# Walther P22q With Laser



## Keraidy (Dec 17, 2021)

First of all, I'm so happy to be in this forum. I just received today a new Walther P22q with Laser. I've been searching online for over a week for a holster to contain my pistol with laser installed. Any suggestions please 

Thank you in advance 
Ed


----------



## Goldwing (Nov 5, 2014)

Keraidy said:


> First of all, I'm so happy to be in this forum. I just received today a new Walther P22q with Laser. I've been searching online for over a week for a holster to contain my pistol with laser installed.

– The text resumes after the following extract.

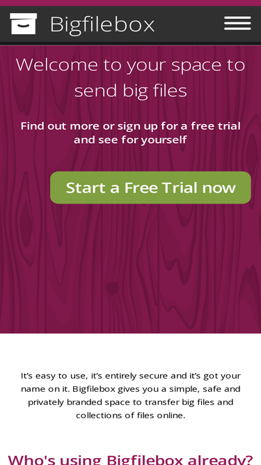 32%the best way to send and share big files. send large files with mailbigfile. upload up to 4gb per file. we transfer your files for free!

Any suggestions please
> 
> Thank you in advance
> Ed


For leather I recommend Craft Holster. 


Craft Holster - Google Search


Al and his crew have made custom holsters for me and I was very pleased. I have some mag pouches on the way now as a matter of fact.
If Kydex is your flavor, Outlaw Holster is a good source. I have a light bearing Kydex unit that I like from them.


----------



## Keraidy (Dec 17, 2021)

Goldwing said:


> For leather I recommend Craft Holster.
> 
> 
> Craft Holster - Google Search
> ...


Thanks a lot 🙏


Goldwing said:


> For leather I recommend Craft Holster.
> 
> 
> Craft Holster - Google Search
> ...


Thanks a lot


----------



## berettatoter (Sep 1, 2011)

Congratulations on your new P22q! Let us know how it shoots.


----------



## Keraidy (Dec 17, 2021)

berettatoter said:


> Congratulations on your new P22q! Let us know how it shoots.


Will try it tomorrow 🤗🤗🤗


----------